Additionally, weather and seasonal “stack effect” can raise or lower indoor radon, especially during colder months when homes stay closed. Consequently, one short test may not show your long-term exposure, so you should pick a test method that fits your timeline and the decision you need to make.
You get the most value from the radon zone map 1993 when you connect it to a practical checklist:

Map Purpose
You get the most value from the radon zone map 1993 when you connect it to a practical checklist:
A. Set urgency, not certainty
If your county falls in Zone 1, schedule testing sooner and treat the result as a priority for follow-up.
B. Guide policy for shared buildings
Because the map helps target resources, schools, and multi-family teams can plan testing across sites with a clear system.
C. Plan construction protections
Builders and owners can add radon-resistant features more consistently when the county zone signals higher potential. Additionally, this planning supports teams managing multiple projects across a region.
D. Communicate risk to occupants
A simple zone label helps explain why you plan testing, mitigation verification, and retesting intervals in workplaces and shared spaces.

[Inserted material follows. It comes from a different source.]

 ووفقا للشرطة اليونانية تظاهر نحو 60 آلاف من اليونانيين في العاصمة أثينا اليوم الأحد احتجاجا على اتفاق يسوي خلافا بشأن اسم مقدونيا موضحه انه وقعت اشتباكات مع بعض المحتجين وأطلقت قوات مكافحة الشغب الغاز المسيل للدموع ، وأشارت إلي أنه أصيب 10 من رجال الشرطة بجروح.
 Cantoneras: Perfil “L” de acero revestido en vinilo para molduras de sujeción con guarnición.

Therefore, when you use the zone as a starting signal and use testing as proof, you make safer decisions with less guesswork and more confidence.
Testing Strategy
A smart radon plan starts with where people spend time and how the building moves air. Therefore, you should place test devices at the lowest livable level, because lower levels often pull soil gas more directly.

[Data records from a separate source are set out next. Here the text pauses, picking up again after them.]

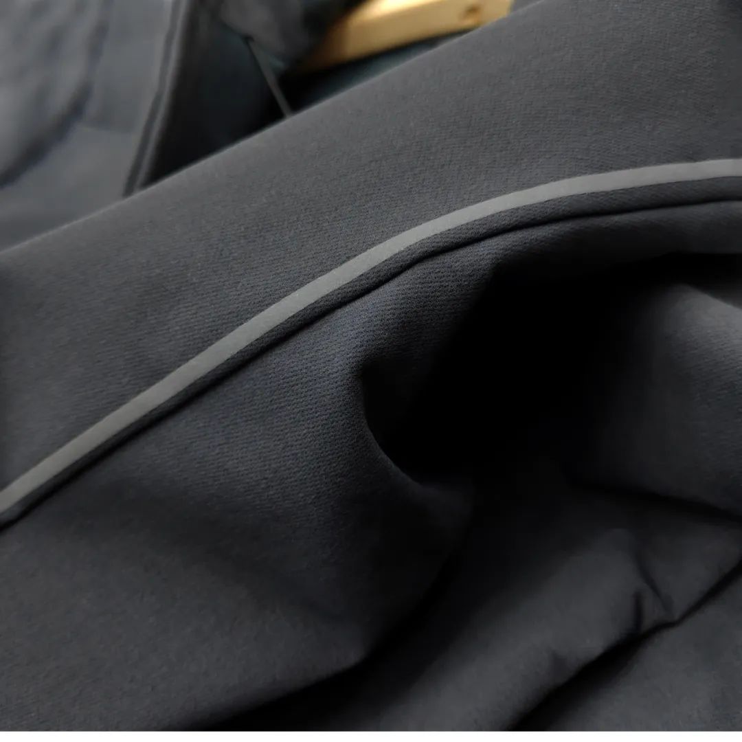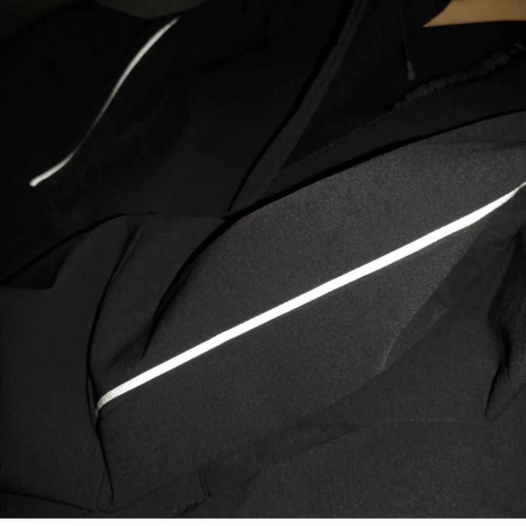 后背及袖子均有反光条,内层压胶工艺
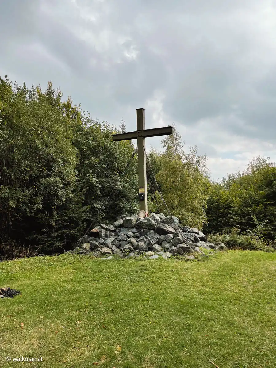 Ausgerastet brechen wir nach 30 Minuten wieder auf. Richtung Hirschenstein. Den Weg zurück, vorbei an den Stationen zur Kreuzung beim Parkplatz. Hier links abgebogen und schon findet der aufsteigende Weg von vorhin seine Fortsetzung. Ab hier allerdings nicht mehr auf Asphalt. Auf Schotterwegen gehts nun aufwärts.
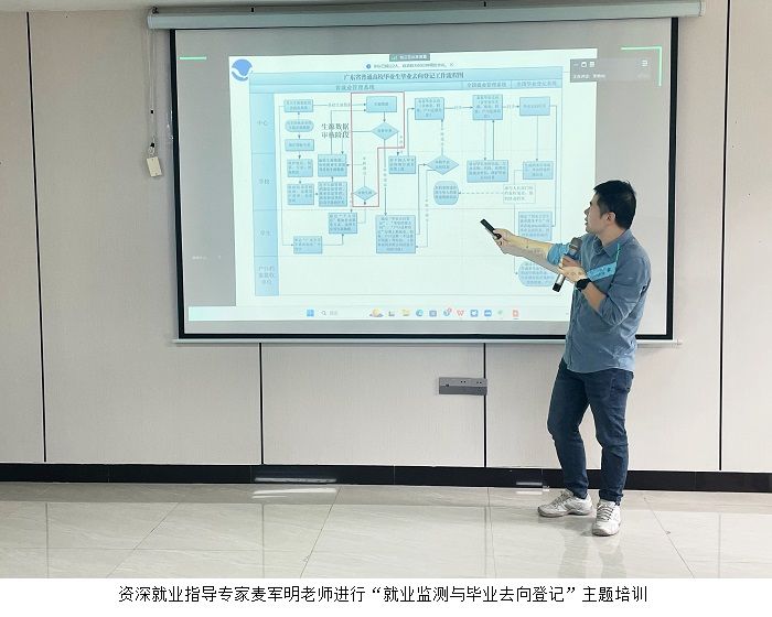 培训会议的核心环节是特邀资深就业指导专家麦军明老师进行的“就业监测与毕业去向登记”主题培训。麦老师围绕就业监测相关工作的具体要求、毕业去向登记的工作流程、生源数据的动态调整机制、毕业去向落实率分母的科学计算方法、毕业去向的明确界定标准、就业数据的规范化上报流程以及就业核查的严谨执行等七个核心要点展开了详尽的讲解。他强调了数据规范性对于就业统计的重要性,并提出了一系列行之有效的数据管理和监测建议,以确保就业信息的准确性和全面性。
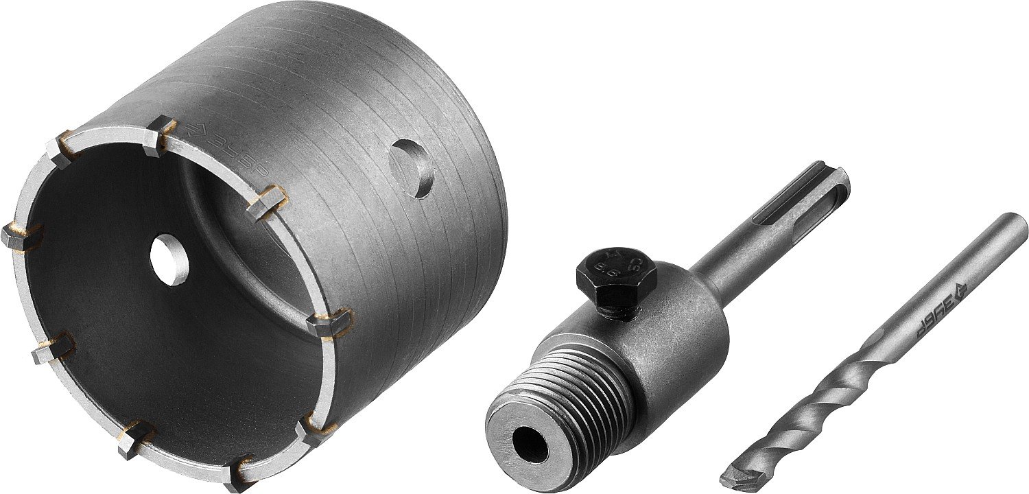 Буровая коронка ЗУБР с хвостовиком SDS Plus ( 2918-**_z01 ) Предназначена для просверливания отверстий большого диаметра в керамической облицовочной плитке, кирпиче, гипсовых плитах. Коронка имеет шесть твердосплавных резцов. В комплект входит державка с хвостовиком SDS Plus и центровочным сверлом с твердосплавной пластиной. При работе с перфоратором можно использовать функцию «сверление с ударом».
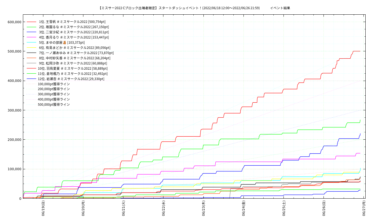 ・当イベントは順位付けの無いレベルイベントですので、参考取得となります。・最高レベルのポイントである150万ptを超えてポイントを獲得し続けた場合、SRのシステム上、表示ポイントが0ptにリセットされます。当サイトではこの仕様上の動作と減算を区別できない為 減算として表示されますが、減算ではありません。予めご承知おきください。

You should also match the test length to your goal:
i. Short-term testing (usually 2–7 days): Supports fast decisions during real estate timelines or early screening.

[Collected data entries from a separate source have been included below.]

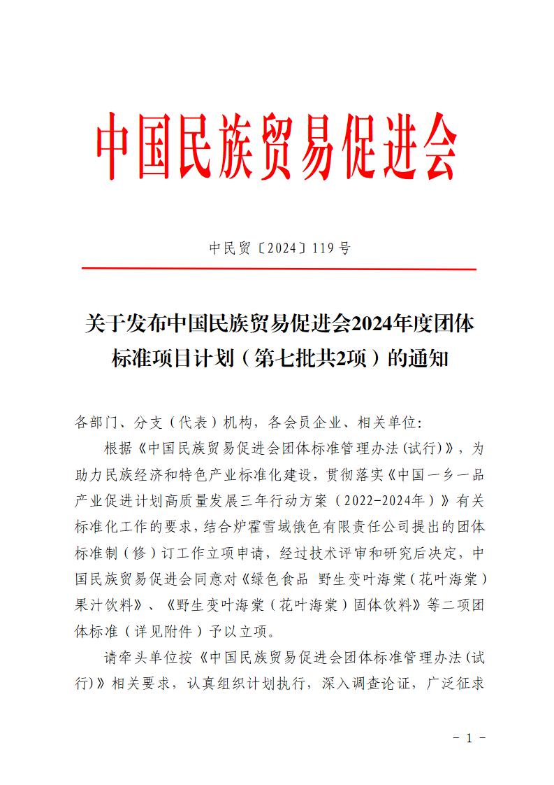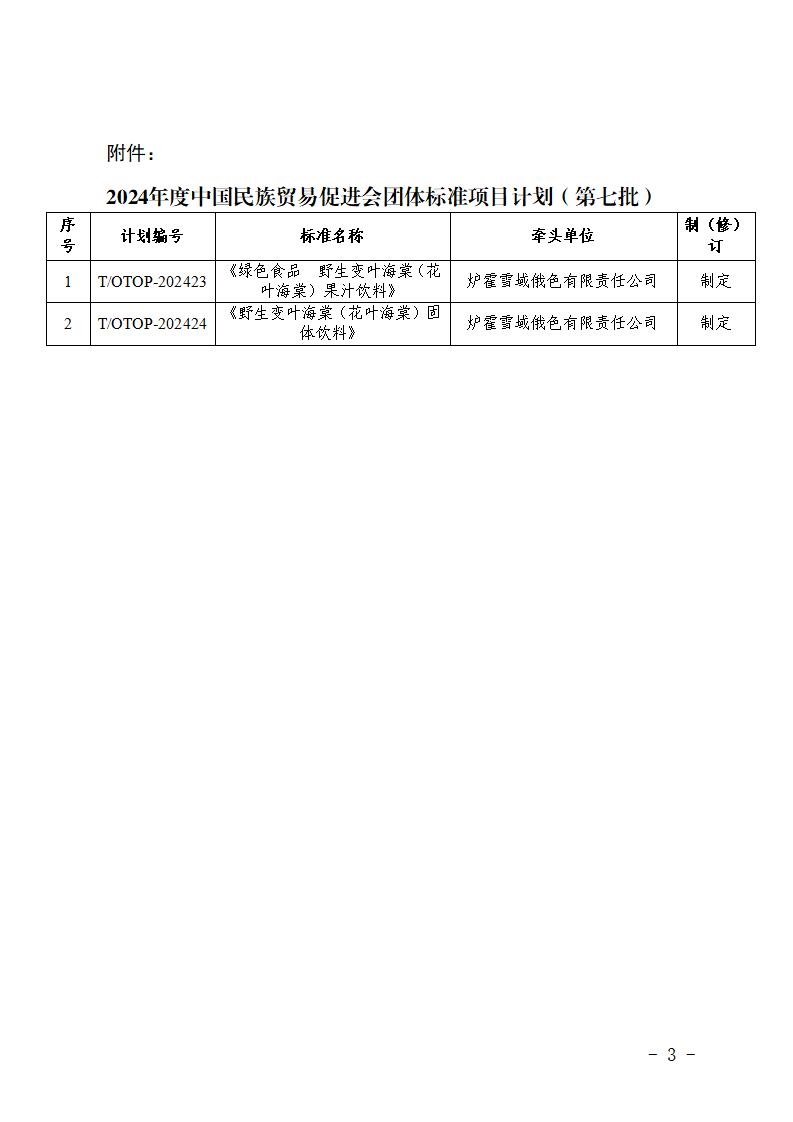 关于发布中国民族贸易促进会2024年度团体标准项目计划(第七批共2项)的通知
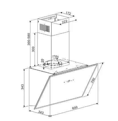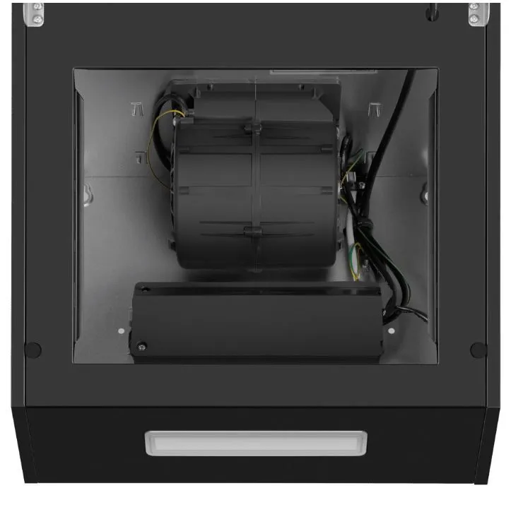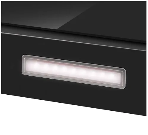 Корпус сделан из эмалированной стали. Фасад выполнен полностью из закаленного стекла . За ней скрыт алюминиевый жироулавливающий фильтр, который легко снимается и полностью разбирается для чистки. Загрязненный воздух втягивается по периметру откидной панели.
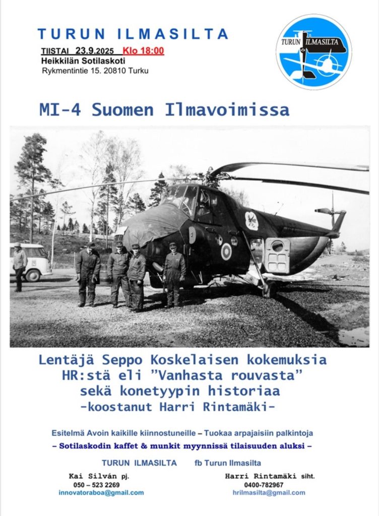 Esitelmä Mi-4 Suomen ilmavoimissa tiistaina 23.9 klo 18.00 Heikkilän sotilaskoti
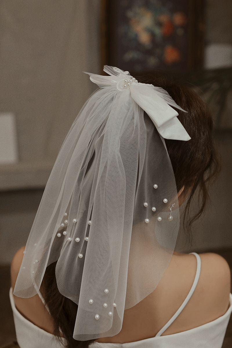 头纱新娘结婚主婚婚纱短款珍珠蝴蝶结登记领证头纱
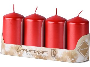 Sada adventních svíček. Mají tvar válce a tvoří kombinaci několika druhů dekorů: matný, metalický, lakovaný a brokátový.
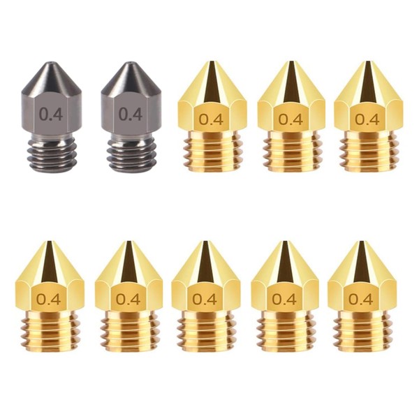 TIOPY 10pcs 0.4 mm Ender 3 Nozzle Kit 3D Printer Nozzles MK8 Brass n Hardened Steel Extruder Nozzles for Makerbot Creality CR-10

ii. Long-term testing (usually 91 days to 1 year): Provides a steadier average and captures seasonal changes.
Consequently, when you need higher confidence, you should use a longer test window or confirm with follow-up testing. Learn more about Radon Testing for Industrial Facilities.
Targeted Mitigation
When a radon test shows high levels, you need a system that stops soil gas before it reaches living or work areas. Therefore, professionals often use active soil depressurization, which pulls radon from beneath the building and vents it safely above the roofline. Additionally, crews usually seal key openings to help the system work better, because fewer entry paths reduce indoor buildup.
However, you should not assume the system solved the problem without proof. Instead, you should test again after mitigation to confirm the new level, and you should retest on a regular schedule to stay confident over time.

Common Mistakes
People repeat the same avoidable mistakes with the radon zone map 1993, so you should watch for these patterns:
- They skip testing in Zone 2 or Zone 3. However, a home in any zone can still test high.
- They trust a neighbor’s result. Meanwhile, foundations, soil paths, and pressure patterns change from house to house.
- They test once and stop. Consequently, renovations and HVAC or mechanical updates can shift indoor radon over time.
- They only think about homes. Additionally, workplaces and schools need structured testing and retesting plans for shared buildings.
Therefore, you protect people best when you use the map as guidance, test each building, and retest whenever conditions change.
Conclusion
When you use the radon zone map 1993 as a planning tool, you make faster, calmer decisions. Moreover, when you pair the map with accurate testing and post-mitigation verification, you protect your home or facility with evidence instead of assumptions. If you want a team that understands real-world building airflow and delivers clear, verified results, choose DSM Radon for professional radon testing and radon mitigation across the Des Moines area, including support for residential homes, commercial facilities, schools, and HUD multi-family projects.